Sql-server – Always On AG is Down when service is stopped

availability-groupsfailoversql serversql server 2014windows-server

I have SQL Server 2014 running on Windows Server 2012 R2.

There are three nodes, one is remote DataCenter. So two nodes have voting.
Failover Cluster is using file share witness on remote server.

If primary server is down, AG automatic Failover works but when SQL Server is down AG automatic failover does not work. AG waits on Resolving state.

Also:

  • I stopped service from configuration manager, AG Failover is success.
  • Stopped service from services.msc, AG Failover is failed.
  • Killed service from Proccess List, AG Failover is failed.

Voting;

Server         Assigned Vote       Current Vote
Node 1              1                   1
Node 2              1                   1
Node 3              0                   0

I disabled firewall for all network, nothing changed, problem continuous.

Can someone help me to solve problem?

Critical Error

The role of this availability replica is unhealthy.
The replica does not have either the primary or secondary role.

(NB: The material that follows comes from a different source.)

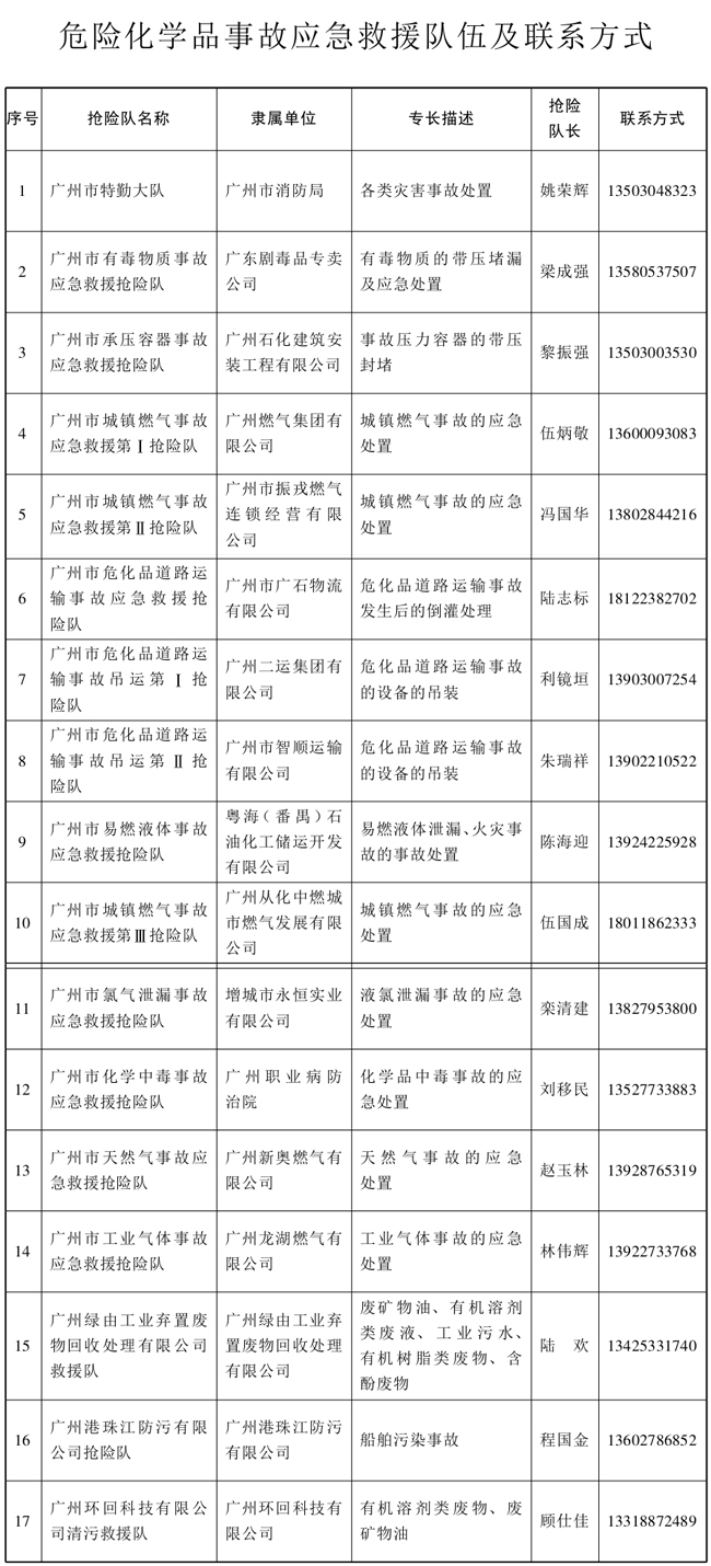 (17)廣州供電局有限公司:負責指導、協調危險化學品事故應急救援所需的電力保障工作。

Failover is from node1 to node2. Both are set to synchronous and automatic failover. Nodes are not in a paused state. I have installed all nodes as stand alone instances.

Best Answer

It could be the issue described in INF: AlwaysOn – The secondary database doesn’t come automatically when the primary instance of SQL Server goes down by Arvindh Kalidasan - Support Engineer, Microsoft GTSC.

In this blog we would discuss about behavior of AlwaysOn availability group where the secondary database doesn't come automatically when the primary instance goes down. The secondary database goes into Resolving state. On the failover cluster manager the resource appears in fail state.

[...] we found that if we stop SQL Service manually on primary replica, it fails over to second node only once. Any further attempts of stopping SQL Service (to test auto failover) would not cause failover.

The workaround posted there is:

[...] to have the value set to a higher number for "Maximum Failures in the specified period".

  1. Maximum Failures in the specified period: set to 60
  2. Period (Hours): set to 1